The First Presbyterian Church in the City of Philadelphia, also known as 'First Church', was organized around 1692. Religious services began in a building known as the "Barbadoes Warehouse", located on the northwest corner of Second and Chestnut Streets. For a time, both Baptists and Congregationalists shared this facility with the Presbyterians.

In 1704, the congregation moved to the south side of High Street (now Market Street) at the corner of Bank Street. Here the first Presbyterian church in Philadelphia was established. Then, in 1793, it was renovated and made more spacious and elegant. Twenty-seven years later it was abandoned, due to unsafe conditions and the encroachment of the surrounding business district.

A new church was erected at Washington Square (Seventh and Locust Streets). At this church, in 1837, came the formation of the New School Assembly, from which emerged the Second Church.

During the 1920s, the church decided to relocate again partially due to the decay of city's Old City historic area. In 1929, the congregation merged with Calvary Presbyterian Church and moved to Locust Street near Fifteenth Street. The merged congregation kept the name First Presbyterian Church.

When the historic First and Second Presbyterian Churches in the City of Philadelphia joined to form one church in 1949, the united congregation adopted the name of the First Church (founded in 1698) and occupied the fourth building of the Second Church (founded 1743). The architect Henry Augustus Sims designed the present building at 21st and Walnut Streets and attended the dedication in October 1872.

Inter-generational reading program for children and older retirees "Reading Buddies" was founded by First Church and member Mrs. Patricia Pfeiffer Quigg in 1968. The program continued for 50 years until 2018, upon Quigg's retirement, before her passing in 2020. Quigg was honored by AARP in 2007 as Volunteer of the Year in Pennsylvania for her efforts. 
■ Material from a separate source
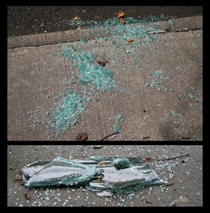 In the outer boroughs, auto break-ins with sidewalks of broken glass is still a common occurrence, as I learned on Sunday, walking down Southern Boulevard near the entrance to the Bronx Zoo. I was surprised to see this on such a major thoroughfare along the zoo property. Not just one, but a chain of broken windows, like islands and islets in an urban coral atoll…
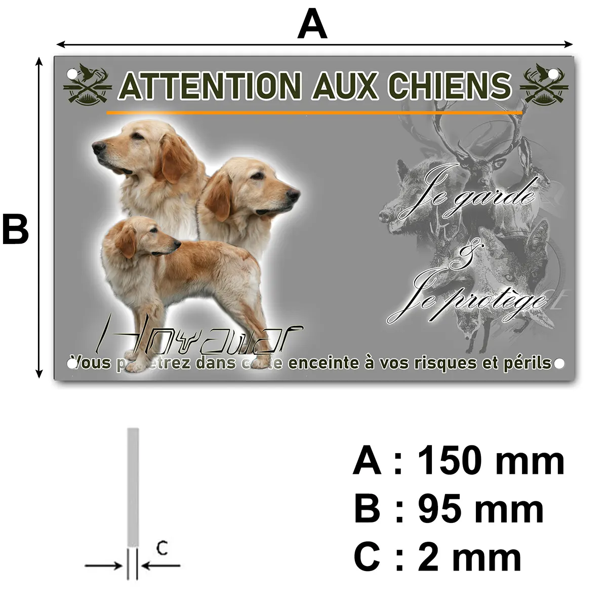 Affichez clairement la présence de votre fidèle gardien avec cette plaque Attention au chien hovawart blond, idéale pour sécuriser et personnaliser l’entrée de votre propriété. Dotée d’un design unique, cette plaque est illustrée par une image captivante présentant trois Golden Retrievers, deux en vue de profil et un debout, sur un fond coloré qui met en valeur les chiens. Un texte stylisé complète la composition, pour une touche graphique moderne et conviviale.

During the early years of the AIDS global pandemic, First Church founded MANNA in 1990 to feed sick neighbors within the city limits dying from AIDS and to provide support to those most in need of nourishment.  MANNA has grown into an independent organization housed now in the Spring Garden district and fulfilling the nourishment needs of neighbors with many health ailments with the mantra "Food Is Medicine".    

In June 2018 First Church elected and installed the 17th and the first openly gay pastor The Rev. Dr. Baron A. Mullis.    

In March 2020 as the global COVID-19 pandemic surged First Church canceled all in-person activity, including Sunday church services.  For the better part of a two years, services were held online and continue to this day in a hybrid format (both in person and online) to meet the needs of all church members.  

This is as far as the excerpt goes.